## Task objective
Filter these entries, keeping only lines that hold the word "during".

## Entries supplied
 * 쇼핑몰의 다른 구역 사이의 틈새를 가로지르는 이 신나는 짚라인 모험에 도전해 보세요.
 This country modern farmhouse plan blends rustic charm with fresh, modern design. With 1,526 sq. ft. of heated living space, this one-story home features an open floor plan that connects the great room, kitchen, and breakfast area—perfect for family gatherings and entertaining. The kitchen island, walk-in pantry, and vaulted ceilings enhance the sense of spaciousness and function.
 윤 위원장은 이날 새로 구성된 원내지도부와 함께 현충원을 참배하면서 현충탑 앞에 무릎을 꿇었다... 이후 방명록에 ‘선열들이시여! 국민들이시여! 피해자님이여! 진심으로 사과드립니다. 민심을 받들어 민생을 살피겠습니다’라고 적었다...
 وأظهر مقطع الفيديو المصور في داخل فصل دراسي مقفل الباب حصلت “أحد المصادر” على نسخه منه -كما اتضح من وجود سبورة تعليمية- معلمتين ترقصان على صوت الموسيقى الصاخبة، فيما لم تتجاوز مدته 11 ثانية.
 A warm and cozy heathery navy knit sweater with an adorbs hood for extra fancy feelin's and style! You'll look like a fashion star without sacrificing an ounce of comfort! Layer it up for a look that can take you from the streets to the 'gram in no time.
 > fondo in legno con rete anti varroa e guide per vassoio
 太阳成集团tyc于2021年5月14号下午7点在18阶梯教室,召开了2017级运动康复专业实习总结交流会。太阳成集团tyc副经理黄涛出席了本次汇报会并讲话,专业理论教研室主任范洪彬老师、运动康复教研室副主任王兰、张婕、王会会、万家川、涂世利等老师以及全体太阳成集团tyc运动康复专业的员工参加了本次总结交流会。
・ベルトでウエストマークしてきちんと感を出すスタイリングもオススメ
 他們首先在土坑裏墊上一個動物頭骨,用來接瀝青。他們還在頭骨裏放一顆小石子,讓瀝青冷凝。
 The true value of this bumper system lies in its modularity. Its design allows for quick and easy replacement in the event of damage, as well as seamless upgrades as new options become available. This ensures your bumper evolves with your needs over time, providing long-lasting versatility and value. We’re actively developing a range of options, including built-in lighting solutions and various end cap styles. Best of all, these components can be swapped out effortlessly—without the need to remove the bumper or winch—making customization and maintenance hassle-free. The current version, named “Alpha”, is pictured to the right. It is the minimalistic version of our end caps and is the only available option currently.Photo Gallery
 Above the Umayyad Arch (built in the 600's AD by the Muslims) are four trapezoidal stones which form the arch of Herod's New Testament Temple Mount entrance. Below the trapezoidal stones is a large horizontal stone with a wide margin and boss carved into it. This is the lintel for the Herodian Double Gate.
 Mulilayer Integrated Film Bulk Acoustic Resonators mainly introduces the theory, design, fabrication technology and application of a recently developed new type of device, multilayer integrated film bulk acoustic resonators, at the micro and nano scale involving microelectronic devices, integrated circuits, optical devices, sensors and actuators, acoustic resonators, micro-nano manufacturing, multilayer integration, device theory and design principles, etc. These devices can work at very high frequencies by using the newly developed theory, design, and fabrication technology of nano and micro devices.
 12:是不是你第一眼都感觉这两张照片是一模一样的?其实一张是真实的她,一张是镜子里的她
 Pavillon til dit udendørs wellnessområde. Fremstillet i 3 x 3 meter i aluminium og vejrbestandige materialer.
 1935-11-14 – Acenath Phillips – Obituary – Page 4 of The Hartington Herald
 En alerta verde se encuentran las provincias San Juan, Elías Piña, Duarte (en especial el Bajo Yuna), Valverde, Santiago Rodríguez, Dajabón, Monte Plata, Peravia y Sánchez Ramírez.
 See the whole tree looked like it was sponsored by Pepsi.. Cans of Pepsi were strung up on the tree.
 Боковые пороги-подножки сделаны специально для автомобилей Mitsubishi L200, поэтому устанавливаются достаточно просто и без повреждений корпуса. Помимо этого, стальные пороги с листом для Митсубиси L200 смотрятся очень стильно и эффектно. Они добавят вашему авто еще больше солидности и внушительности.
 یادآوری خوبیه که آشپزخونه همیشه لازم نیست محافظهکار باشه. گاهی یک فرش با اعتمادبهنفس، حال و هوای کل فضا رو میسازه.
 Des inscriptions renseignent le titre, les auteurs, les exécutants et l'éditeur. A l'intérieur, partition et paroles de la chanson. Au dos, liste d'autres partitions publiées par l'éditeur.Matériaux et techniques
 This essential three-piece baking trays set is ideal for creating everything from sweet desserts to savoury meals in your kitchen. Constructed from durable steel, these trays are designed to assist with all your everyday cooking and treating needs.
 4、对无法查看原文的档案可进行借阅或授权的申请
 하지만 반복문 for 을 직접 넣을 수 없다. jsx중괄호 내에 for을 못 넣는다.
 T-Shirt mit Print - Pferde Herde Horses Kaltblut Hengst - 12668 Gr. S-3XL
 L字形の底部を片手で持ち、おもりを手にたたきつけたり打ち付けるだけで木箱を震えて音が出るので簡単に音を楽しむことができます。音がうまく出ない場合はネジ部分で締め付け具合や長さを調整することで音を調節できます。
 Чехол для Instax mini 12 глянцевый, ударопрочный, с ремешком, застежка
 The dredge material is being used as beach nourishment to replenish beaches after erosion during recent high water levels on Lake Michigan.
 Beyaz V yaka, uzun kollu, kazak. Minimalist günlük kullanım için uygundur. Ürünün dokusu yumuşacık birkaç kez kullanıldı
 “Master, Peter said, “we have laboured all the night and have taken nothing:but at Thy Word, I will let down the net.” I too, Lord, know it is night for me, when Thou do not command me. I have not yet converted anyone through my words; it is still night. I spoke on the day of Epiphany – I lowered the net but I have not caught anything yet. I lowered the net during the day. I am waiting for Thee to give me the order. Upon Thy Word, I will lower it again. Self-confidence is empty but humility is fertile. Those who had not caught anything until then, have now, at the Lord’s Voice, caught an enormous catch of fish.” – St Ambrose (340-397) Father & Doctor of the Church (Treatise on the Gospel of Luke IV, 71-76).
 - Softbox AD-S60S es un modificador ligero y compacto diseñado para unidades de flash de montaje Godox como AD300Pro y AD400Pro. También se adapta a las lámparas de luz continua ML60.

## Reply to the task
 The dredge material is being used as beach nourishment to replenish beaches after erosion during recent high water levels on Lake Michigan.
 “Master, Peter said, “we have laboured all the night and have taken nothing:but at Thy Word, I will let down the net.” I too, Lord, know it is night for me, when Thou do not command me. I have not yet converted anyone through my words; it is still night. I spoke on the day of Epiphany – I lowered the net but I have not caught anything yet. I lowered the net during the day. I am waiting for Thee to give me the order. Upon Thy Word, I will lower it again. Self-confidence is empty but humility is fertile. Those who had not caught anything until then, have now, at the Lord’s Voice, caught an enormous catch of fish.” – St Ambrose (340-397) Father & Doctor of the Church (Treatise on the Gospel of Luke IV, 71-76).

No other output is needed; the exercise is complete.